#### [PROBLEM]
Copy the data precisely, character for character, and leave out every picture.

Stored dataset items:
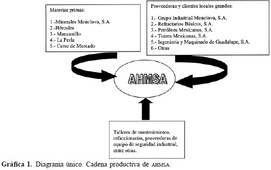 No obstante, si analizamos la cadena productiva de AHMSA, encontraremos que intervienen un conjunto de empresas subsidiarias productoras de mineral de hierro, carbón, refractarios y otros insumos. En otras palabras, todavía mantiene un alto nivel de integración vertical, de aproximadamente 65%, muy común en ese tipo de empresas. Quizá por el carácter rígido de la producción de acero, porque los altos hornos no pueden dejar enfriar el crisol, las materias primas básicas, hierro y carbón, pertenecen al consorcio, lo cual coloca obstáculos para redistribuir segmentos del mercado local y consolidar el cluster.
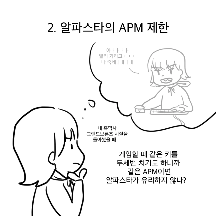 2) 알파스타의 APM 제한 : 아무래도 AI가 인간보다 컨트롤이 빠르겠죠? 이번 경기에서 알파스타의 APM(Actions Per Minute, 1분당 내리는 명령의 수)은 평균 277 정도였고 TLO, MaNa는 각각 678과 390 수준이었습니다. 알파스타가 손이 빨라서 이긴 건 아니라는 말이지만, 이런 단순 APM 비교는 의미가 없다는 의견도 있습니다. 사람은 게임을 할 때 같은 키를 여러 번 누르곤 하잖아요. 알파스타에겐 이런 무의미한 키 누름이 없을 거니까 단순 APM 제한은 의미가 없을 테고 인간이 피지컬에서 불리하다는 거죠.
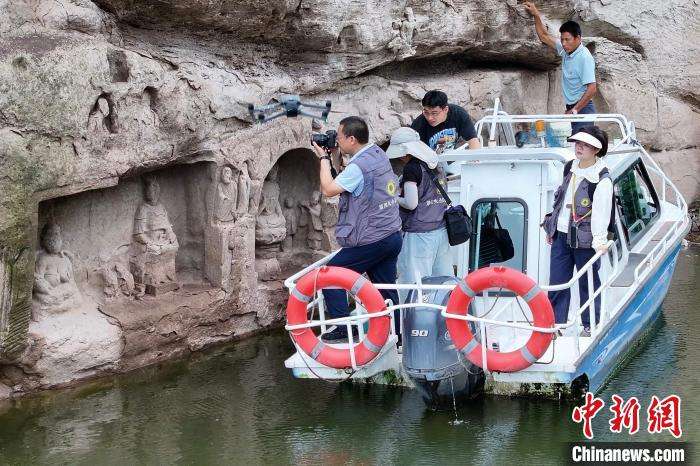 文物保护工作者对新发现的宋代摩崖造像开展保护研究工作。
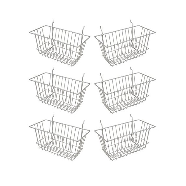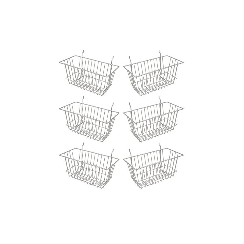 - DESCRIPTION: Comes in a 6 pack of Epoxy Chrome multi-fit wired slatwall baskets. Rectangular shape, non-tapered design offers additional space as well as an attractive option for storage.
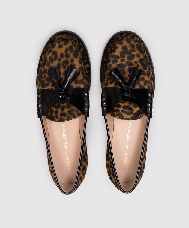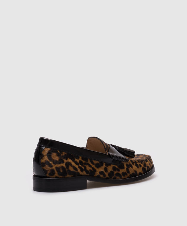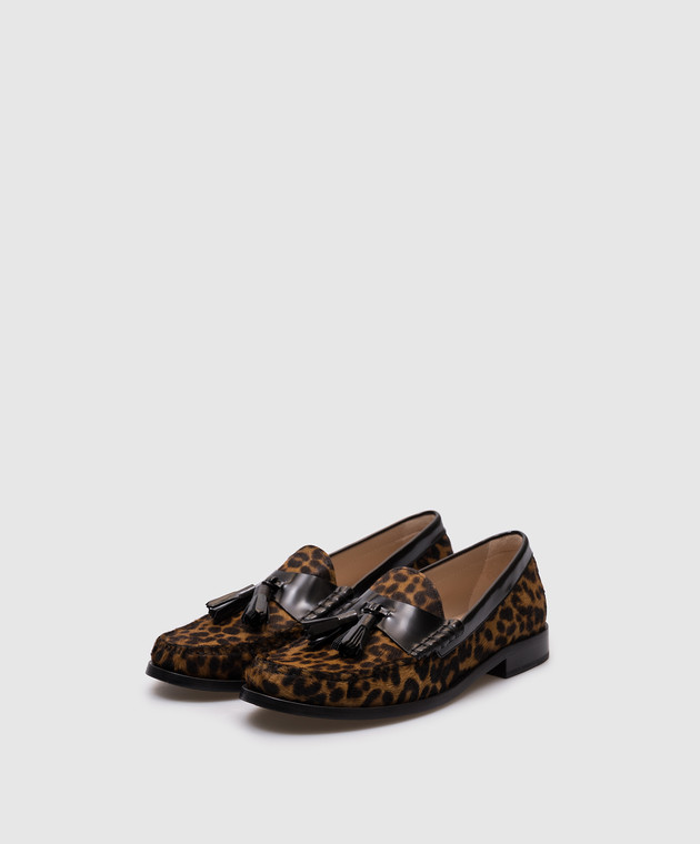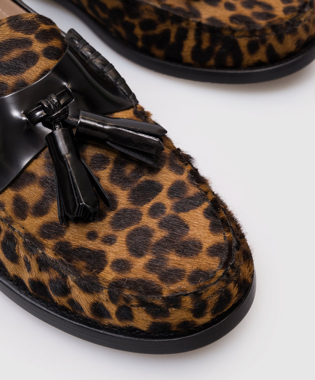 Коричневые кожаные лоферы LOTTIE в анималистичный принт

#### [OUTPUT]
 No obstante, si analizamos la cadena productiva de AHMSA, encontraremos que intervienen un conjunto de empresas subsidiarias productoras de mineral de hierro, carbón, refractarios y otros insumos. En otras palabras, todavía mantiene un alto nivel de integración vertical, de aproximadamente 65%, muy común en ese tipo de empresas. Quizá por el carácter rígido de la producción de acero, porque los altos hornos no pueden dejar enfriar el crisol, las materias primas básicas, hierro y carbón, pertenecen al consorcio, lo cual coloca obstáculos para redistribuir segmentos del mercado local y consolidar el cluster.
 2) 알파스타의 APM 제한 : 아무래도 AI가 인간보다 컨트롤이 빠르겠죠? 이번 경기에서 알파스타의 APM(Actions Per Minute, 1분당 내리는 명령의 수)은 평균 277 정도였고 TLO, MaNa는 각각 678과 390 수준이었습니다. 알파스타가 손이 빨라서 이긴 건 아니라는 말이지만, 이런 단순 APM 비교는 의미가 없다는 의견도 있습니다. 사람은 게임을 할 때 같은 키를 여러 번 누르곤 하잖아요. 알파스타에겐 이런 무의미한 키 누름이 없을 거니까 단순 APM 제한은 의미가 없을 테고 인간이 피지컬에서 불리하다는 거죠.
 文物保护工作者对新发现的宋代摩崖造像开展保护研究工作。
 - DESCRIPTION: Comes in a 6 pack of Epoxy Chrome multi-fit wired slatwall baskets. Rectangular shape, non-tapered design offers additional space as well as an attractive option for storage.
 Коричневые кожаные лоферы LOTTIE в анималистичный принт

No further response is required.